When you shift from problem thinking to curious thinking, your mindset becomes driven by interest, which is more helpful for you and the upset person. When someone you care about is having a hard time, try to understand how and why they feel that way. Think about when you’re upset. How is it that you like to be comforted?
2. Try to Remember a Time You Felt the Same Way
Empathy is when you put yourself in another person’s shoes and imagine what it must be like to be in their situation. Empathy is an important skill to implement for many reasons; it’s beneficial for managing yourself while another person is upset. Remember when you wore the same shoes instead of just putting yourself in someone else’s shoes.
Try to remember a time when you struggled similarly with difficult emotions. This is a valuable way to appreciate someone else’s hard time because it’s based on your own experiences. The more you can relate to their struggles, the better your odds of being genuinely helpful and supportive, not to mention being less reactive and emotional yourself.
3. Practice Reflective Listening
People struggling emotionally don’t want you to fix their pain; they want to feel understood. This takes the pressure off you to think you need to solve another person’s problem and permits you to listen. So, how do we get out of the fixing mindset and help people feel understood? Practice a technique called reflective listening. Reflective listening means that when someone tells you something, you reflect back to them what they said, either literally or with your own understanding.
The value of reflecting back on what someone said is that it helps them feel like you are with them, that you’re connected and understanding. By mirroring someone’s experience, you’re giving them something far more valuable than advice—you’re giving them a genuine connection.
4. Validate Your Own Emotions
One of the hardest things about being in the presence of an anxious person is the emotions they tend to stir up in us. When deep into a spiral of challenging feelings, having enough emotional bandwidth to navigate our mood and that of someone else is tough. This is why we often react to other people’s moods in a way that isn’t helpful to them or the relationship. Getting better at noticing and managing ourselves early is helpful, and we do this through validation. Validation means acknowledging our emotions and reminding ourselves that they’re OK and perfectly reasonable.

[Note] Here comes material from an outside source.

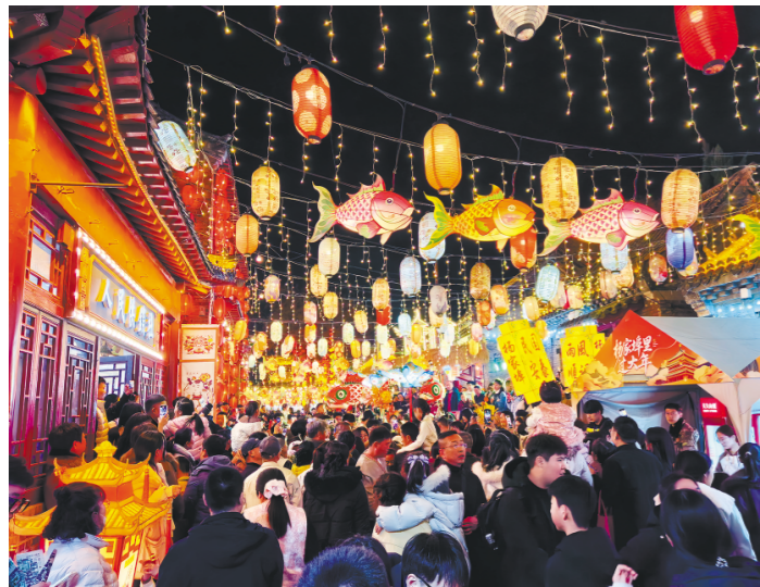
杨家埠民间艺术大观园里流光溢彩(资料图片)。

潍坊将政策优势转化为产业优势，将服务效能转化为市场竞争力，在稳外贸、拓市场的过程中，持续夯实开放型经济的内在支撑，为特色产业参与国际竞争、拓展全球市场奠定更为坚实的基础。

If you are in the presence of an anxious person, acknowledge that you’re feeling annoyed or frustrated, and remind yourself that it’s OK and natural to feel whatever way you feel. Later ask yourself what the most helpful way to move forward might be.
5. Remember: It’s Not Your Responsibility
A mistake I see people make when trying to deal effectively with other people’s problems is taking responsibility for how the other person feels. In short, because you can’t control how someone feels, you’re not responsible for them. So much unnecessary struggle, conflict, and energy come from a fundamental misunderstanding about what’s really under our control.
It is truly amazing how much energy gets freed up when you remove the burden of excess responsibility from yourself. When you stop expecting yourself to make someone else feel better, you can start taking fundamental steps to connect with them in a heartfelt way and become genuinely supportive.
Painful emotions are hard to deal with—both in ourselves and in the people we care about. While it’s impossible to “fix” others’ emotional struggles, there are a handful of practical skills you can learn to help you be more supportive and helpful. Skills like self-validation and reflective listening will help you stay calm and objective instead of reactive and impulsive in the face of other people’s problems.